Tradeoffs we accepted:

  • Subscribers receive every notification at or above their set level. A client at the default warning level misses info/notice/debug traffic. The addon explicitly calls set_logging_level("debug") to subscribe to everything; LLM clients have to do the same. This is the single most common silent-failure mode for new clients.
  • The “logs” framing is misleading at first. A new developer looking at the protocol sees “this is a log channel” and isn’t sure what to do with the data field. We document the convention (logger == "_message_bus", data is the routing record) but it’s not enforced by the spec.
  • No per-message ACK from the receiver. Notifications are fire-and-forget. We do our own ACK via the blender_job_update reply path — but the reply is itself a separate routed message, not a transport-level response.
  • No backpressure. If a client subscribes and then stops draining, the underlying MCP transport queues notifications. We rely on clients doing the right thing.

The framing-as-logs concern is real but small. The “every recipient gets every notification” concern is solved by the per-target log records — each one is stamped with its target_uuid, and clients drop anything that isn’t for them. (The server fans out one record per target, not one record broadcast to all.)

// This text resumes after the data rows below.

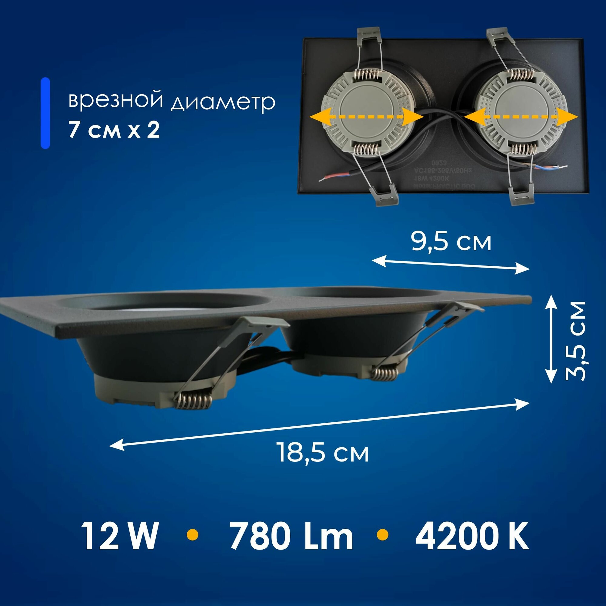 Купить Встраиваемый светильник EKS PRACTIC DUO - Светодиодная панель, LED панель в черном корпусе (12 Вт, 780Лм, 4200К), 1 шт.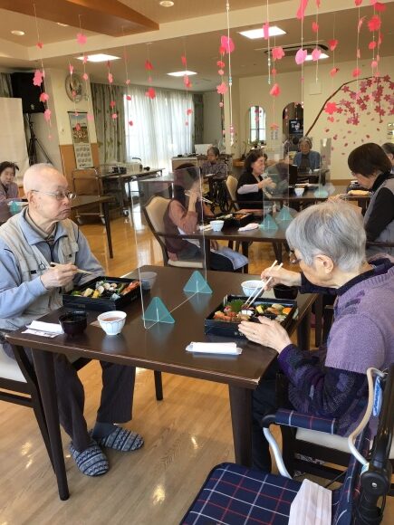「迦葉」 お花見ランチ【迦葉】 2022.04.22 2023.02.14 迦葉のみなさまに、室内でもお花見気分を味わっていただこう!ということで『お花見ランチ会』を開きました♪ 食堂を桜でいっぱいにして、みなさんをお出迎え🌸 ご用意したお弁当は、“ 三喜八 ” さんのお花見弁当🍱✨ ↑↑大葉のところにはお刺身がありましたが、撮影前に職員が美味しくいただいてしまいました(>_<) ごめんなさい!!! 春を感じながらの豪華弁当は格別の美味しさ!! 職員も入居者のみなさまも、大満足のランチとなりました(*^-^*) 三喜八さん、ごちそうさまでした♡ Tweet Share Hatena Pocket RSS feedly Pin it 満開を迎えた敷地内の桜 前の記事 ひな祭り【第二迦葉】 次の記事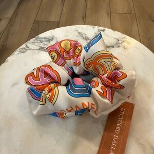 This was a designer silk scarf turned into a hair scrunchie or purse accessory.

The authentication story is what closed the deal. JWT on the HTTP transport, ContextVar after middleware, every tool reads it the same way. No second auth path. No protocol invention.

And the practical proof: a vanilla fastmcp.Client with a message_handler that filters logger == "_message_bus" is a working bus subscriber in about 30 lines of code. That’s the “no extra moving parts” property paying off.